Meredith C. Carroll: Post Trump Stress Disorder
Muck Off

There came a moment in 2016 when I went from automatically accepting the existence of the sky to waking up every morning if for no other reason than to double check it was still there. A month and a day before that year’s presidential election, a leaked “Access Hollywood” tape exposed Donald Trump bragging about sexually assaulting women, followed 48 hours later by him creeping nefariously behind Hillary Clinton during a live televised debate.
It wasn’t so much the audio and visual shock and revulsion as it was the amount of support the eventual 45th United States President would retain and build on for equally awful and far worse antics that had me waking up for 1,567 consecutive mornings with a feeling of mild to moderate panic and dread that each dawn held the very real potential to reveal the apocalypse was not nigh but, in fact, now.
On Jan. 21, I slept through the White House’s first Trump-free sunrise since 2017. It was as if the blanket of existential depression that had been asphyxiating me for more than four years finally started lifting. Even the American flag that seemed to have been all-but hijacked in the Trump era by so-called patriots brandishing aggressively oversized versions of it, waved hopefully and with dignity, all 195,000 of them in the National Mall during Joe Biden’s swearing-in ceremony, like a peaceful army of sunflowers on a mission to spread light across a dim and dusty field.
However, if my exhales since Biden and Kamala Harris were sworn into office have been sighs of relief, then my subsequent inhales are involuntary gasps, a side effect of remembering the nearly 75 million votes Trump more just than eked out Nov. 3. While he didn’t amass enough to win another term, his defeat shouldn’t discount that a staggering number of people whose lives and livelihoods were inarguably adversely affected as a direct result of his presidency went back anyway and asked for another helping.
In that I know how it feels to have your preferred candidate lose out on the presidency (and because I refuse to repeat history by dismissing how Trump rose to power in the first place), I empathize with the grief his supporters are experiencing. Yet when Trump assumed power in 2017, I mourned not just Clinton’s loss but also the unmistakable and abrupt end of humanity, decency, empathy and, ultimately (and horrifyingly), democracy from the Oval Office. The consequences were sinister and grave, especially for women, education, people of color, health care, the LGBTQ community, immigrants, world relations, the environment and science.
The difference now appears to be that what Trump’s supporters are bemoaning loudest is his personal loss, not anything tangible or that he did or stood to do for them, the country or humanity. And the truth is that Trump has hardly lost. He spent nearly $50 million soliciting donations to “fight the election results” by raising money to fund recounts and ferret out so-called fraud. The post-election, pre-insurrection fundraising public relations blitz ended up yielding more than a quarter-billion-dollar war chest. As it turns out, though, only $10 million of what was raised actually went to his legal fees and election overturning efforts.

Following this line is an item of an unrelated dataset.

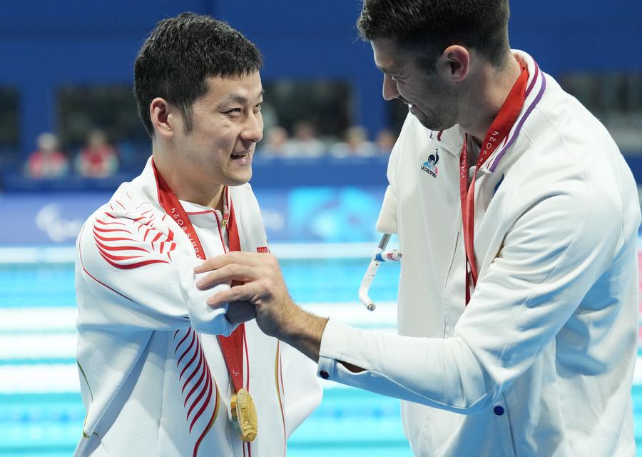 Feng Yanke of China celebrates after the Men's Sabre Category B of wheelchair fencing against Michal Dabrowski of Poland at the Paris 2024 Paralympic Games in Paris, France, Sept. 3, 2024. (Xinhua/Zhang Haofu)Gold medalist Yuan Weiyi (C), silver medalist Guo Jincheng (R), bronze medalist Wang Lichao of China pose for photo after the awarding ceremony of the men's 50m backstroke S5 final of swimming event at the Paris 2024 Paralympic Games in Paris, France, Sept. 3, 2024. (Xinhua/Gao Jing)Yuan Weiyi of China competes during the men's 50m backstroke S5 final of swimming event at the Paris 2024 Paralympic Games in Paris, France, Sept. 3, 2024. (Xinhua/Gao Jing)Gold medalist Feng Yanke (5th L) and bronze medalist Zhang Jie (6th L) of China, silver medalist Kinga Drozdz (4th L) of Poland are pictured during the Men's Sabre Category B of wheelchair fencing against Michal Dabrowski of Poland at the Paris 2024 Paralympic Games in Paris, France, Sept. 3, 2024. (Xinhua/Zhang Haofu)Feng Yanke of China celebrates after the Men's Sabre Category B of wheelchair fencing against Michal Dabrowski of Poland at the Paris 2024 Paralympic Games in Paris, France, Sept. 3, 2024. (Xinhua/Zhang Haofu)China's Lu Dong (C), He Shenggao (L) and Liu Yu pose for photo after the awarding ceremony of the women's 50m backstroke S5 final of swimming event at the Paris 2024 Paralympic Games in Paris, France, Sept. 3, 2024. (Xinhua/Gao Jing)Lu Dong of China competes during the women's 50m backstroke S5 final of swimming event at the Paris 2024 Paralympic Games in Paris, France, Sept. 3, 2024. (Xinhua/Gao Jing)China's Lu Dong (C), He Shenggao (L) and Liu Yu pose for photo after the awarding ceremony of the women's 50m backstroke S5 final of swimming event at the Paris 2024 Paralympic Games in Paris, France, Sept. 3, 2024. (Xinhua/Gao Jing)Gu Haiyan of China celebrates after winning the Women's Sabre Category A gold medal match of wheelchair fencing against Kinga Drozdz of Poland at the Paris 2024 Paralympic Games in Paris, France, Sept. 3, 2024. (Xinhua/Zhang Haofu)Gu Haiyan (R) of China competes during the Women's Sabre Category A gold medal match of wheelchair fencing against Kinga Drozdz of Poland at the Paris 2024 Paralympic Games in Paris, France, Sept. 3, 2024. (Xinhua/Zhang Haofu)Wang Jingang of China poses with medal after the awarding ceremony of Men's 50m Butterfly S6 final of swimming event at the Paris 2024 Paralympic Games in Paris, France, Sept. 3, 2024. (Xinhua/Gao Jing)Gold medalist Wang Jingang (L) of China and bronze medalist Laurent Chardard of France talk after the awarding ceremony of Men's 50m Butterfly S6 final of swimming event at the Paris 2024 Paralympic Games in Paris, France, Sept. 3, 2024. (Xinhua/Gao Jing)A woman visits the "Beautiful Crafts Workshop, Blossoming in Paris" exhibition of cultural and creative works by women with disabilities at Chinese Cultural Center in Paris, France, Sept. 3, 2024. (Xinhua/Hou Zhaokang)A visitor learns wooden comb painting during the "Beautiful Crafts Workshop, Blossoming in Paris" exhibition of cultural and creative works by women with disabilities at Chinese Cultural Center in Paris, France, Sept. 3, 2024. (Xinhua/Hou Zhaokang)■

The New York Times reported Sunday that the rest of the money, some $175 million, is being stashed away for his and the Republican party’s future use, including a political action committee, Save America, that was newly formed by Trump and can be used to pay advisers and fund travel for his future political endeavors.
No one, not even Trump, seems to be clamoring for him to come back to finish the good job he was doing for the pandemic, the American people, international relations, affordable health care, racial equity or even the economy.
Trump failed to make either the coronavirus disappear or a border appear. Not only is he not lamenting what he could have done with more time, he’s stewing about what was done to him in the time he had. His base rooted for someone who only rooted for himself. They’re still rooting for him while he roots for the country to fail. I’d feel worse for his supporters if they stood as a whole to lose or get hurt by Biden. Except not only are they not in the new president’s crosshairs, but the lens he’s looking at them through is capable of seeing in more than just black, white and red.
Regardless if the senate acquits him during his next impeachment trial and he manages to shuffleboard off to stare directly into Mar-a-Lago’s gold-plated sunset, the consequences of Trump’s reign of terror will be felt, or suffered, for generations — just not by him.